# Collected data:
........

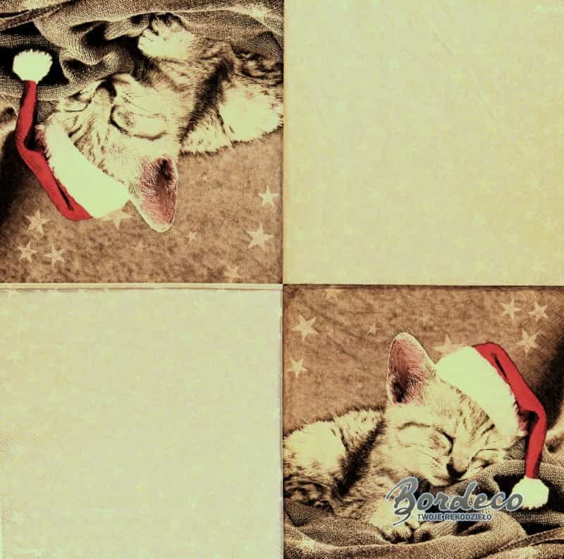 Serwetka do decoupage firmy STEWO z motywem śpiącego kotka w czapce Mikołaja 33x33cm. Unikat
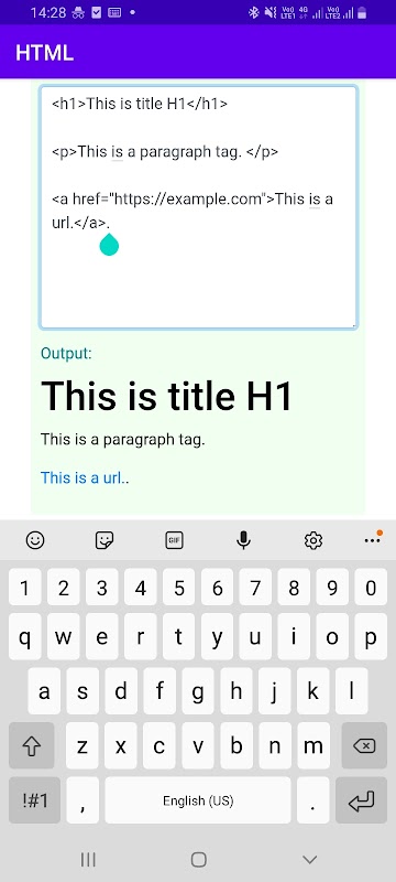 On this HTML editor app, you just have to insert the HTML tag inside of the code area. As soon as you start typing HTML, this app will automatically return the output quickly.
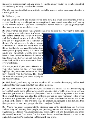 FD: Joe Camilleri, with the Black Sorrows band now, it's a well-oiled machine, I would
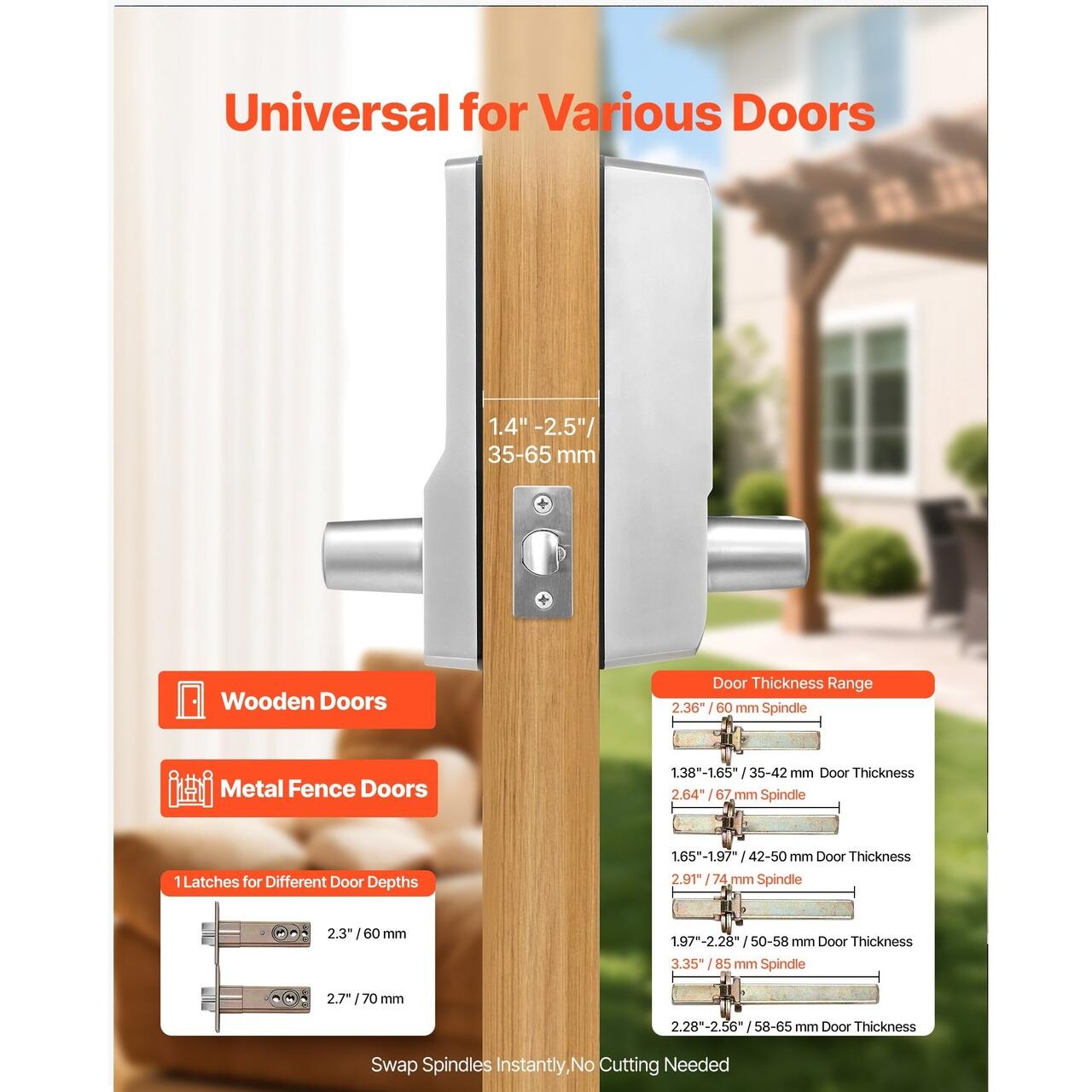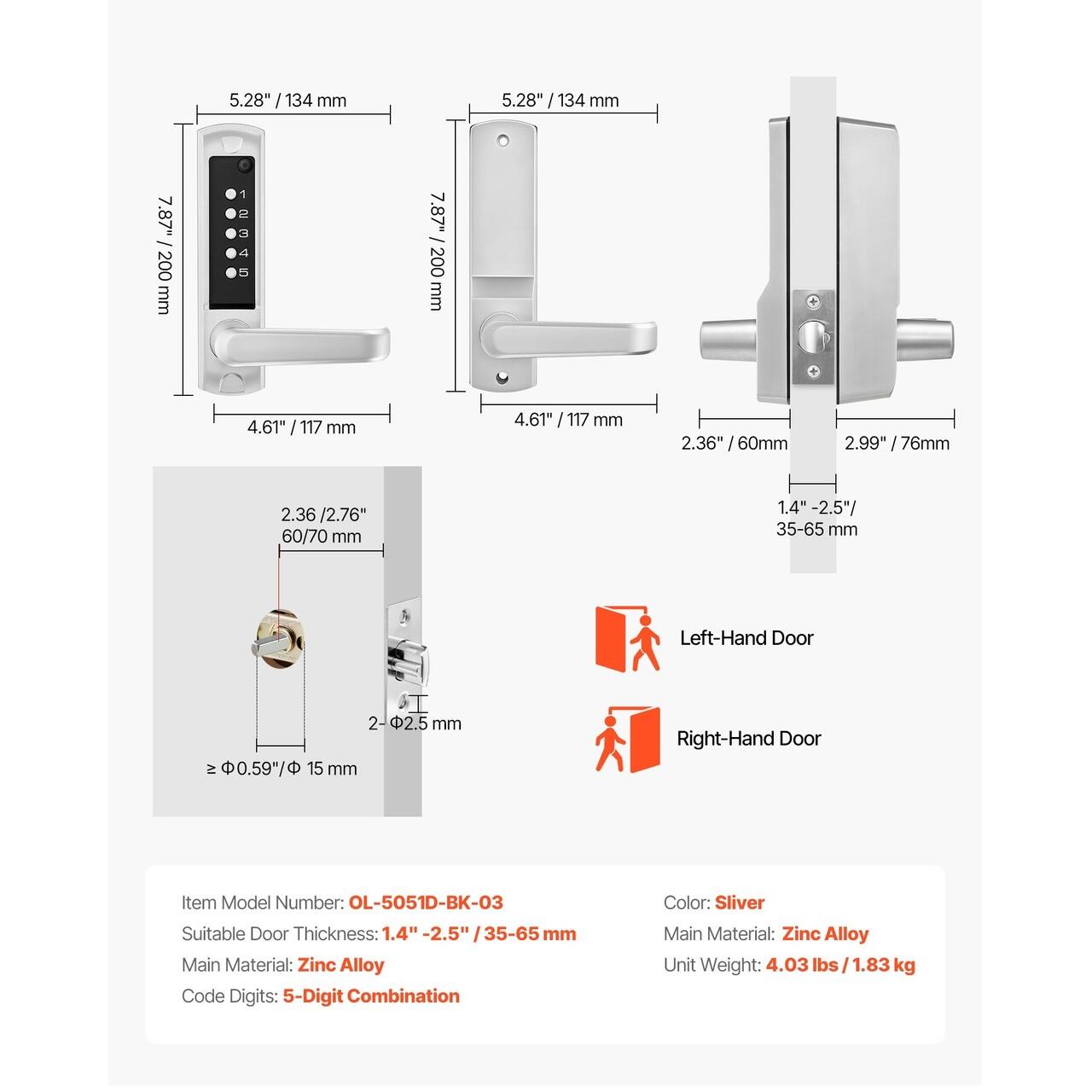 Compatibil cu mai multe tipuri de usi: Aceasta incuietoare mecanica fara cheie este dotata cu 4 axe (compatibila cu usi cu grosimea de 35-65 mm) si 2 dimensiuni de zavor (60 mm si 70 mm) pentru adancimi variate ale usilor. Incuietoarea poate fi montata atat pe usile de stanga, cat si pe cele de dreapta.

........

Write the listing out again in full and unchanged, minus any pictures.

 Serwetka do decoupage firmy STEWO z motywem śpiącego kotka w czapce Mikołaja 33x33cm. Unikat
 On this HTML editor app, you just have to insert the HTML tag inside of the code area. As soon as you start typing HTML, this app will automatically return the output quickly.
 FD: Joe Camilleri, with the Black Sorrows band now, it's a well-oiled machine, I would
 Compatibil cu mai multe tipuri de usi: Aceasta incuietoare mecanica fara cheie este dotata cu 4 axe (compatibila cu usi cu grosimea de 35-65 mm) si 2 dimensiuni de zavor (60 mm si 70 mm) pentru adancimi variate ale usilor. Incuietoarea poate fi montata atat pe usile de stanga, cat si pe cele de dreapta.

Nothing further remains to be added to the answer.